Convinced that they have the wrong baby, they ask to meet the other Petries, who turn out to be black. “When the time came for them to open the door,” she says, “we honestly didn’t know how the audience would react. And there was about four seconds of silence because they didn’t know how to react.”
“The Mary Tyler Moore Show,” which debuted in 1970, both satirized and captured the era’s widespread and seismic change. Mary Richards, having bravely broken up with the med student she supported for two years, is now trying to make it on her own, with the help of her newsroom buddies and best friends, the tough-talking Rhoda (Valerie Harper) and the dithering modern parent Phyllis (Cloris Leachman).
There had never been a character, or show, like it. On top of the shaky new independent women it portrayed, “The Mary Tyler Moore Show” joined groundbreaking shows like “All in the Family” in addressing timely and often serious topics in a comedic way — and by providing a template for what would eventually become modern TV’s beloved dramedy.
“Comedy shows were getting more and more real,” she says. “It was a funny show but not really a comedy like the old comedies.” She credits the writers, including Jim Brooks and Allan Burns, with elevating the show to its iconic heights, something she doesn’t think the networks are interested in doing these days.

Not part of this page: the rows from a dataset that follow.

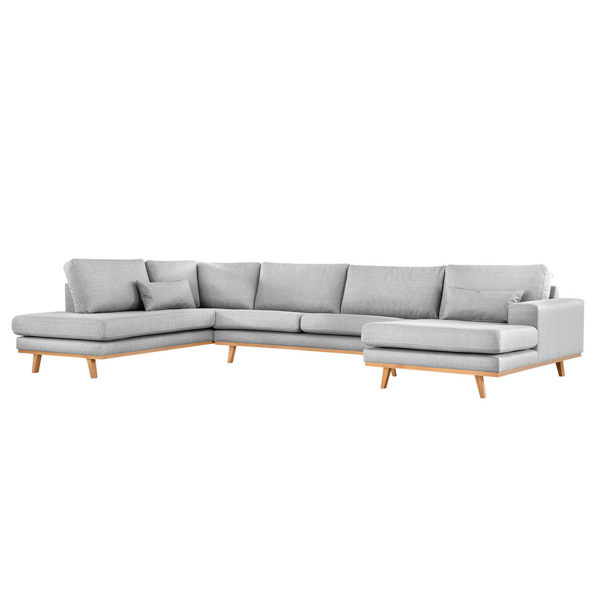 WOHNLANDSCHAFT mit Longchair - Buchefarben/Hellgrau, Holz/Buchenholz (371/81/219cm) - home24home24
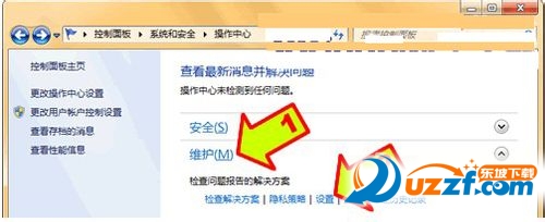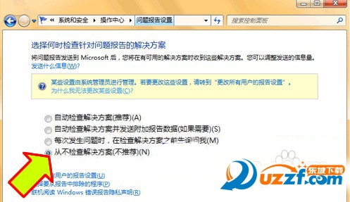3、接下来,再点击“维护”,在展开的详细设置内容中找到并点击“检查问题报告的解决方案”下方的“设置”,在弹出页面内选择“从不检查解决方案(不推荐)”,点击“确定”就可以禁用错误报告了。
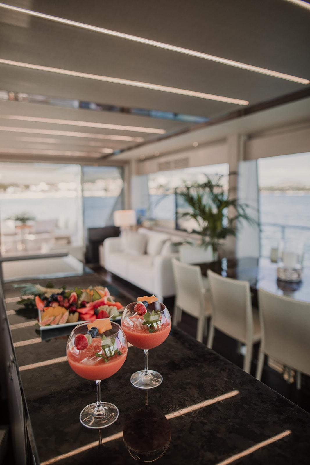 A standard charter includes the yacht, professional crew, and onboard amenities. Additional expenses such as fuel, provisioning, berthing, and bespoke services are managed transparently through an Advance Provisioning Allowance (APA), with full accounting provided.
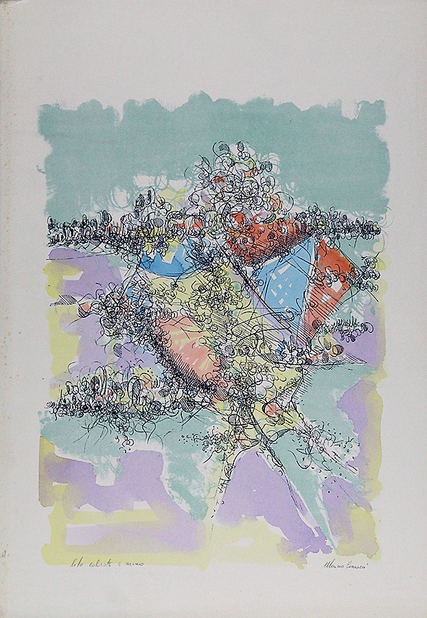 MARINO CONSANI, Senza titolo, Litografia acquarellata a mano, Dim. 50x35, Al verso: tecnica in basso a sinistra e firmato in basso a destra, Opera senza cornice

“Carol Burnett and I were talking about how you couldn’t do the shows we did because the union fees have skyrocketed and the writers and the cast make it so expensive,” she says.
She and Burnett had reunited for the Betty White celebration where Moore also met up with her other “Mary Tyler Moore” co-stars, including Leachman, Harper, Ed Asner and Gavin MacLeod. They don’t see one another often, she says, because “they’re all Westies and I live in New York,” but they remain like a family — she came out of retirement to guest star on White’s “Hot in Cleveland,” spoofing her Mary-good-girl-Richards persona and turning Asner’s famous Lou Grant line — “You got spunk. I hate spunk” — on its head.
She enjoyed the experience and admires White and Leachman for staying in the game. “Betty always did have more energy than any of us,” she says, “and Cloris, what’s great about her is she always does a role that’s completely different.” But she’s pretty content doing what she’s doing. “I have a nice life, a good marriage [to Dr. Robert Levine] finally. I’ve got my dogs; if I can stop tripping over them, I’m very happy.”
Which doesn’t mean we should count her out. “If a really good part came along, a good script, I’d consider it,” she says. She’s a fan of “The Good Wife.” What about playing Diane’s (Christine Baranski) aunt or something? “She’s great,” Moore says of Baranski, adding with a very Mary Richards laugh, “yeah, yeah, I’ll mention it to my agent.”